MADHURIMA TULI – THAT POWERPACKED YET UNDERPLAYED PERFORMER IN WARNING
Posted by Vivek on November 14, 2013 | 1 Comment
Her role in the recent film WARNING required her to be two opposite sides, a tough as nails exterior, which was masked behind an underplayed façade. Too often in Indian cinema, actors get this combination wrong, Madhurima got it perfectly right, in WARNING. In the words of her co actors, she also had some of most challenging scenes and open water swims in the ferocious South Pacific, the climax of which resulted in her fainting. But when we get to talk to her, we realize that just as her character in the film, she can take challenges in life and laugh at them, an attitude that will go far:
On the challenges of WARNING?
Definitely the physical challenges, the fear of overcoming the sea and while doing all this still having to act and look good. It is one thing being in the Ocean and quite another to enact a whole movie in it. The fear was overcome on the first day when we were asked to jump into the open ocean at the count of three from 14 foot above a raft. I think, each one of us, probably fought exhaustion with the exhilaration of enacting something so different, from an Indian movie perspective.
On playing a strong woman in WARNING, yet not being in your face?

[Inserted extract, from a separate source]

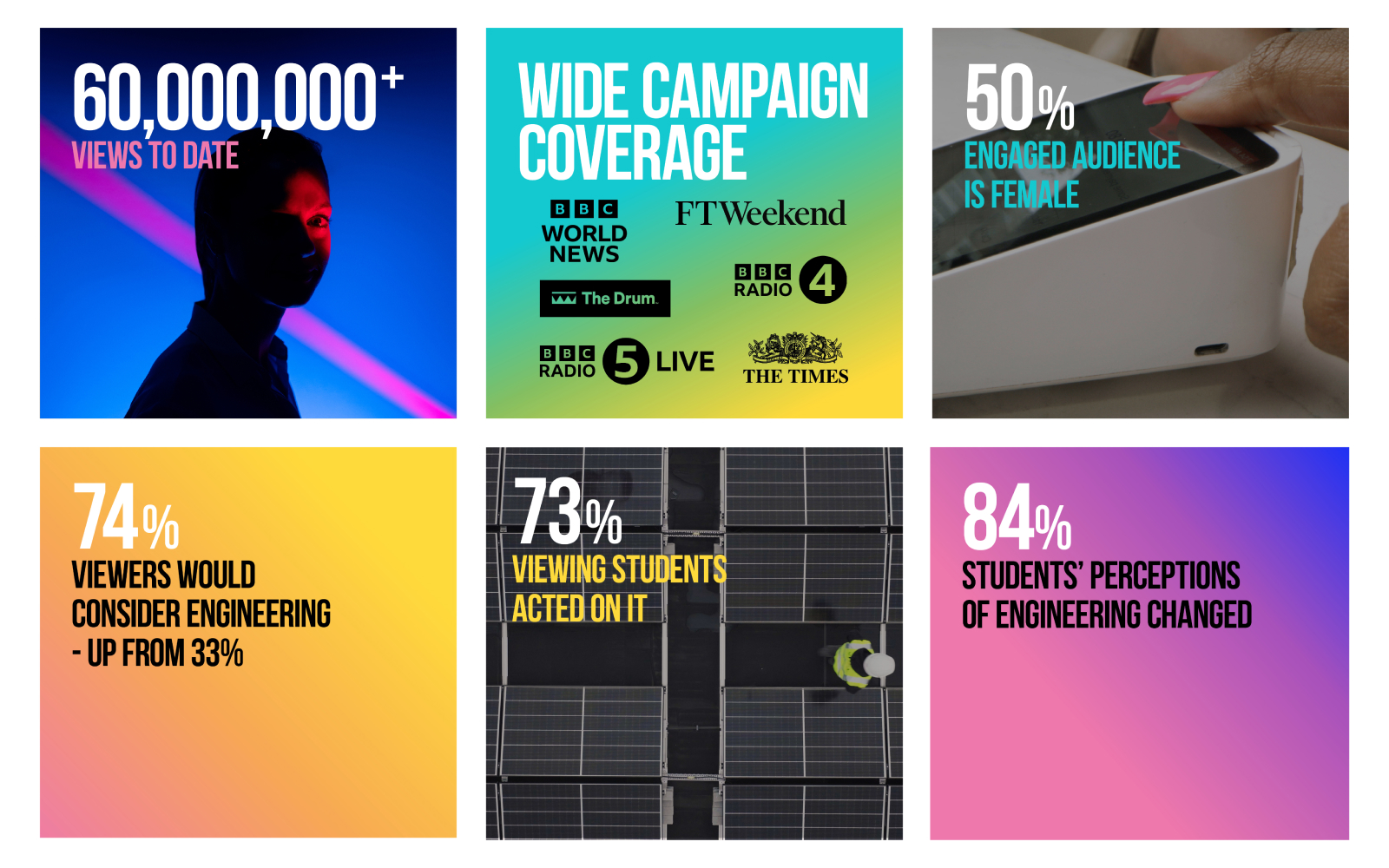 After several years of consistent success, and listening to key research insights, the focus of the campaign shifted in order to align with the changing priorities of our up-and-coming target audience: switching from “wow I never knew that was engineering” to the positive impact of engineering and its role in shaping a better future for the planet and people.

The credit has to go to the Director, who got that performance out of me. He also made some changes in my appearance, the most important being to ask me to cut my hair, which made me get into the character. I am glad that the audience was able to appreciate my performance, since it was an underplayed subtlety to a very strong character.
The journey into films?
My father used to work for Tata Steel, so we travelled all over India and ultimately landed home in Dehra Doon. Sushmita Sen was a role model, but when the selections for the Miss India did not quite go my way, I still got all the encouragement from my family and pursued modeling, which in turn led to television and now these two movies, WARNING and CIGARETTE KI TARAH.
Television or Films?
Both are very exciting and the reach from Television is so vast. It enters every household in India and also overseas and people relate to your character and in turn, you become a part of their lives. So Television is absolutely hard work, but very exciting too. Films of course are a large canvas.
Days of struggle?
They were hard and now looking back I can laugh about it, but there were times you were subsisting on bread and pickle, and also a couple of points in my struggle when I wanted to pack it all in and return home. But what kept me going was an unconditional support from my family and slowly and surely things fell in place. But no regrets, those days were fun in their own way.